(TASK OBJECTIVE):
Return every entry exactly as written, with the pictures removed.
_ _ _
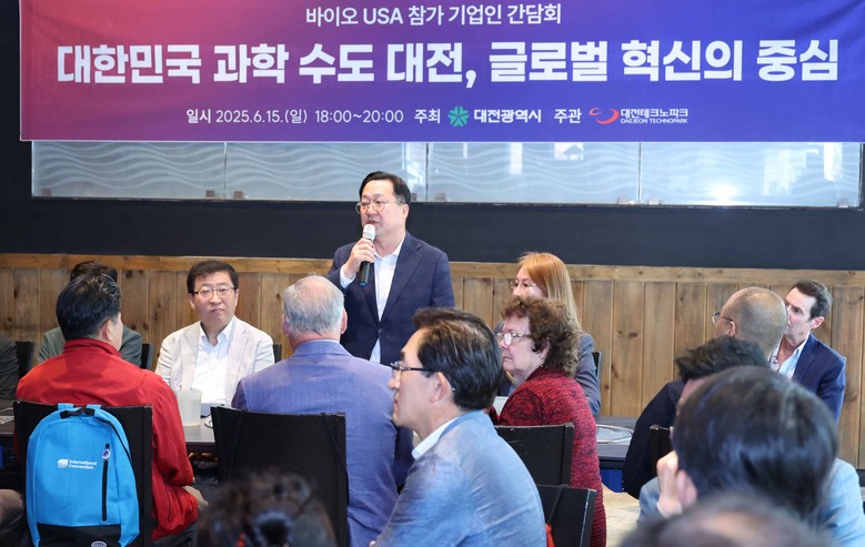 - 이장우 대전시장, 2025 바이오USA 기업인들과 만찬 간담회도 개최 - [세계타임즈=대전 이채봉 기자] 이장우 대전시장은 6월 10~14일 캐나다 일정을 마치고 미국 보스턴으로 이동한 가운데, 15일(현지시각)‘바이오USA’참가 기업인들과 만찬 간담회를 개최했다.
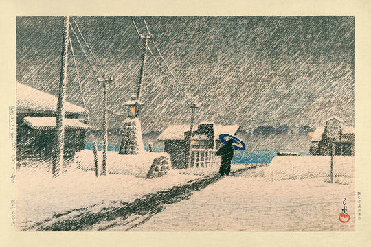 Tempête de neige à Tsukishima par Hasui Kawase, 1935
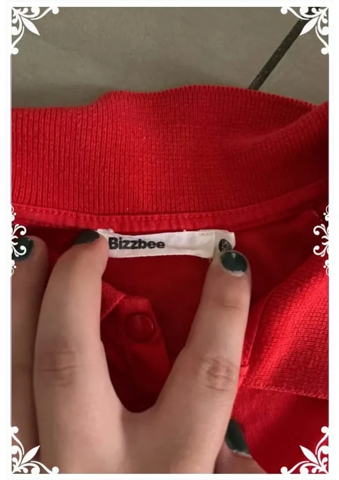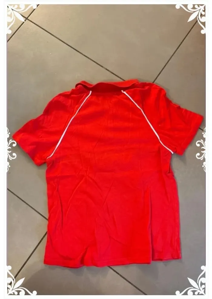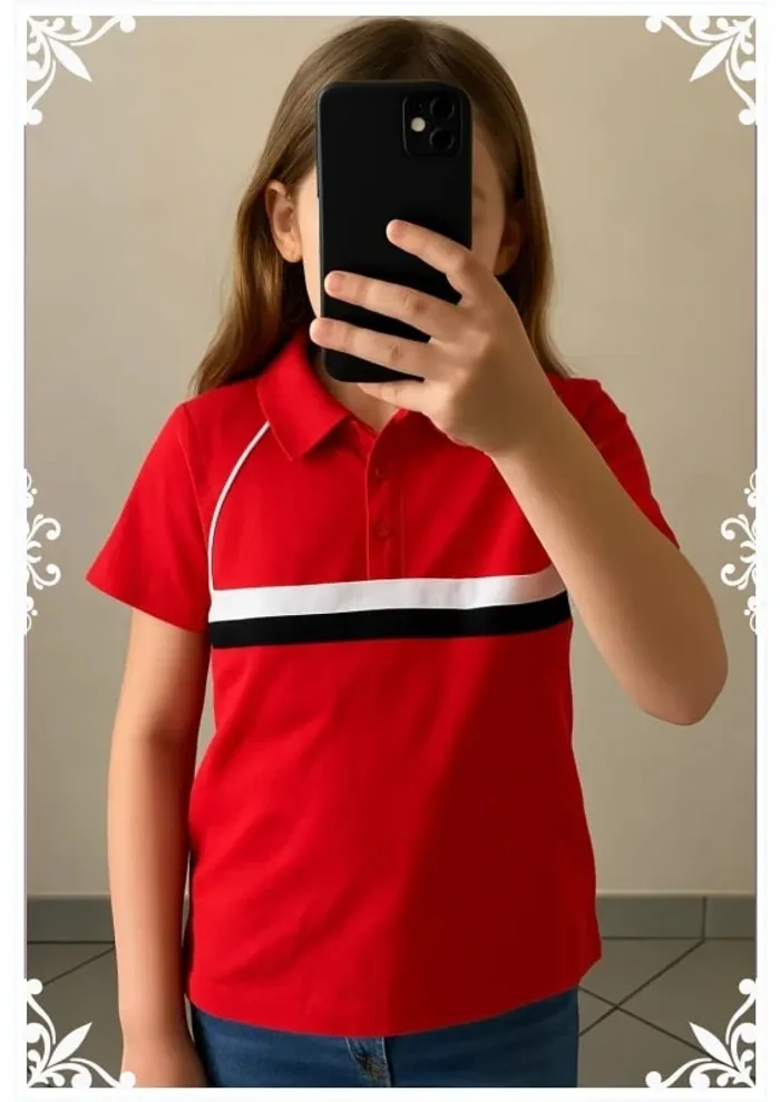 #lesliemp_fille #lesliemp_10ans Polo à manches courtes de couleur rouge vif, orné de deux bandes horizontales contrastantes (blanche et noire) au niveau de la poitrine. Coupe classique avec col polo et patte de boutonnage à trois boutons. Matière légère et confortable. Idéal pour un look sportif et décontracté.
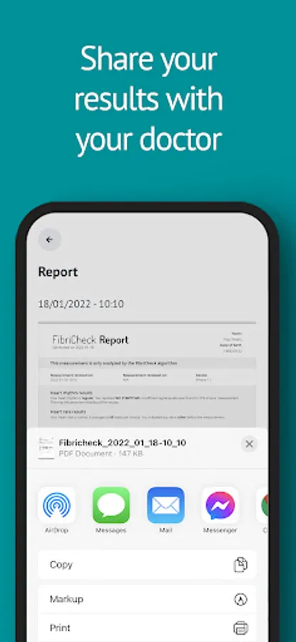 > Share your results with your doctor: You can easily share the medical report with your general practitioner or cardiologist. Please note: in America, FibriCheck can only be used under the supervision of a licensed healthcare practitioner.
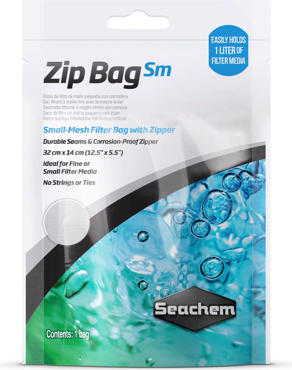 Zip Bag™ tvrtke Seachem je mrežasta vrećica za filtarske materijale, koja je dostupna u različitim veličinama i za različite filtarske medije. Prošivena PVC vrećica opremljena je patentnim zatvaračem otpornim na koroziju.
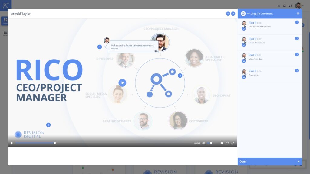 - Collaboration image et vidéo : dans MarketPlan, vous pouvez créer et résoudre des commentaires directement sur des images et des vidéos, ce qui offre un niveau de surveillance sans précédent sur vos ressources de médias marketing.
_ _ _
(RESPONSE TO THE EXERCISE):
 - 이장우 대전시장, 2025 바이오USA 기업인들과 만찬 간담회도 개최 - [세계타임즈=대전 이채봉 기자] 이장우 대전시장은 6월 10~14일 캐나다 일정을 마치고 미국 보스턴으로 이동한 가운데, 15일(현지시각)‘바이오USA’참가 기업인들과 만찬 간담회를 개최했다.
 Tempête de neige à Tsukishima par Hasui Kawase, 1935
 #lesliemp_fille #lesliemp_10ans Polo à manches courtes de couleur rouge vif, orné de deux bandes horizontales contrastantes (blanche et noire) au niveau de la poitrine. Coupe classique avec col polo et patte de boutonnage à trois boutons. Matière légère et confortable. Idéal pour un look sportif et décontracté.
 > Share your results with your doctor: You can easily share the medical report with your general practitioner or cardiologist. Please note: in America, FibriCheck can only be used under the supervision of a licensed healthcare practitioner.
 Zip Bag™ tvrtke Seachem je mrežasta vrećica za filtarske materijale, koja je dostupna u različitim veličinama i za različite filtarske medije. Prošivena PVC vrećica opremljena je patentnim zatvaračem otpornim na koroziju.
 - Collaboration image et vidéo : dans MarketPlan, vous pouvez créer et résoudre des commentaires directement sur des images et des vidéos, ce qui offre un niveau de surveillance sans précédent sur vos ressources de médias marketing.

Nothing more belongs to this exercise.